AtlasGrabber: a software facilitating the high throughput analysis of the human protein atlas online database

Background

The human protein atlas (HPA) is an online database containing large sets of protein expression data in normal and cancerous tissues in image form from immunohistochemically (IHC) stained tissue microarrays. In these, the tissue architecture is preserved and thus provides information on the spatial distribution and localization of protein expression at the cellular and extracellular levels. The database is freely available online through the HPA website but currently without support for large-scale screening and analysis of the images in the database. Features like spatial information are typically lacking in gene expression datasets from homogenized tissues or single-cell analysis. To enable high throughput analysis of the HPA database, we developed the AtlasGrabber software. It is available freely under an open-source license. Based on a predefined gene list, the software fetches the images from the database and displays them for the user. Several filters for specific antibodies or images enable the user to customize her/his image analysis. Up to four images can be displayed simultaneously, which allows for the comparison of protein expression between different tissues and between normal and cancerous tissues.

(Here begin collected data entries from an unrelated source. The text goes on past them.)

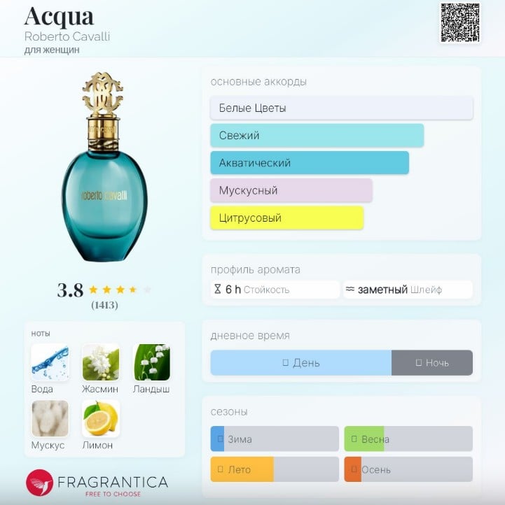 • Данный продукт является аналогом аромата Acqua от Roberto Cavalli и не относится к продукции оригинального бренда.
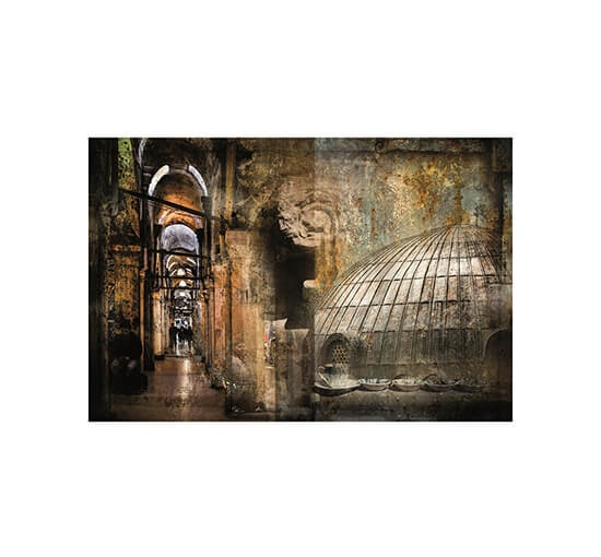 Tavlan ”Istanbul” från Cobra Art fångar stadens historiska arkitektur och mystiska atmosfär i ett stämningsfullt collage. De jordnära tonerna och patinerade texturerna skapar en känsla av tidlöshet, medan den imponerande kupolen och de karaktäristiska valvgångarna påminner om Istanbuls rika kulturarv.
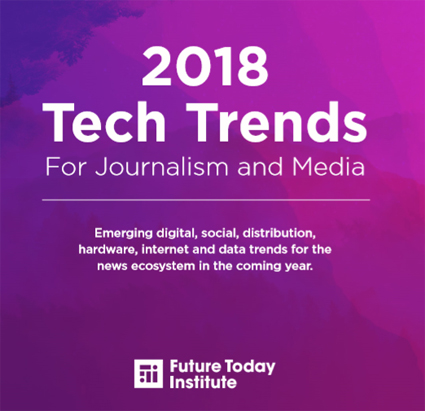 O Relatório de Tendências Tecnológicas para Jornalismo e Mídia de 2018 do Future Today Institute destaca 75 tendências tecnológicas importantes que todos os que trabalham no ecossistema de notícias deveriam seguir.
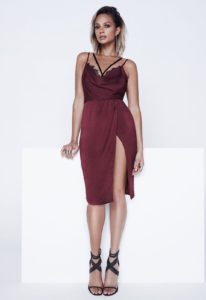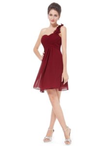 Струмує бордове плаття на одне плече:
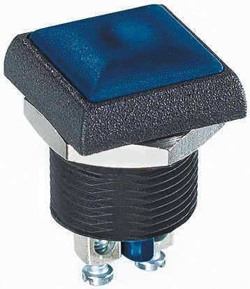 This is SPST-NO Momentary Push Button Switch IP67 Panel Mount manufactured by APEM. The manufacturer part number is IRC3V2B2. It is designed with an adorable square shape actuator . The actuator has an adorable blue colour. Illumination Option no. The product is available in panel mount configuration. It is IP rated with ip67. The rated contact current is 2 a @ 250 v ac. The panel has a 14.8mm cut-out diameter. Moreover, the product has a nominal 250v ac voltage rating. The contact is equipped with single pole single throw (spst) configuration. The product carries button actuator. The panel cut out size includes 16mm. The terminal is a screw type. It provides momentary switch operation.
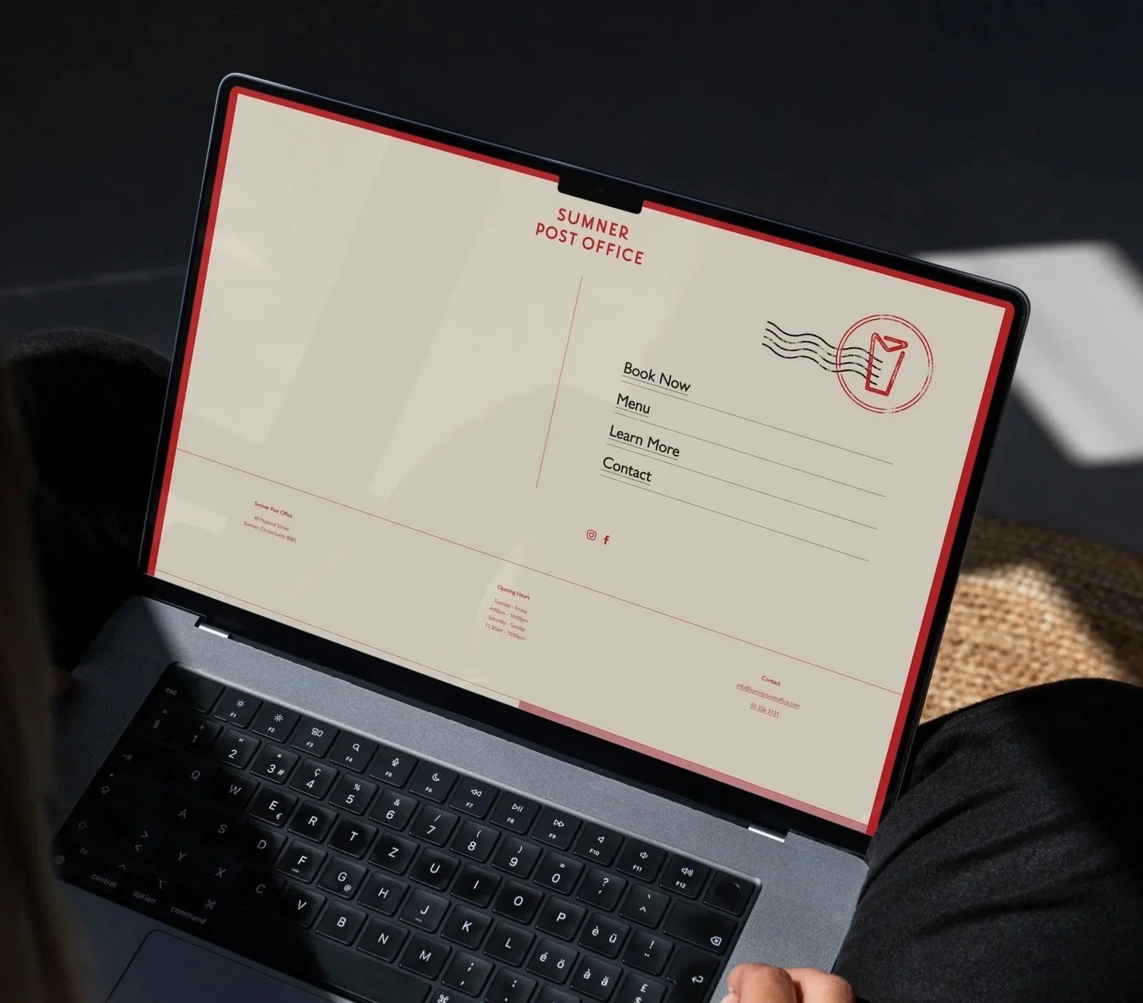 After developing the brand colours, I created a unique style for the Sumner Post Office website. The goal was to keep the design modern and clean while adding a fun twist, so the homepage was designed to look like a postcard, a nod to the restaurant’s location in the town’s historic post office.

An additional feature is the XML parser that allows the extraction of a list of available antibodies, images, and genes for specific tissues or cancer types from the HPA’s database file.

Results

Compared to existing software designed for a similar purpose, ours provide more functionality and is easier to use. To demonstrate the software’s usability, we identified six new markers of basal cells of the prostate. A comparison to prostate cancer showed that five of them are absent in prostate cancer.

Conclusions

The HPA is a uniquely valuable database. By facilitating its usefulness with the AtlasGrabber, we enable researchers to exploit its full capacity. The loss of basal cell markers is diagnostic for prostate cancer and can help refine the histopathological diagnosis of prostate cancer. As proof of concept, with the AtlasGrabber we identified five new potential biomarkers specific for prostate basal cells which are lost in prostate cancer and thus can be used for prostate cancer diagnostics.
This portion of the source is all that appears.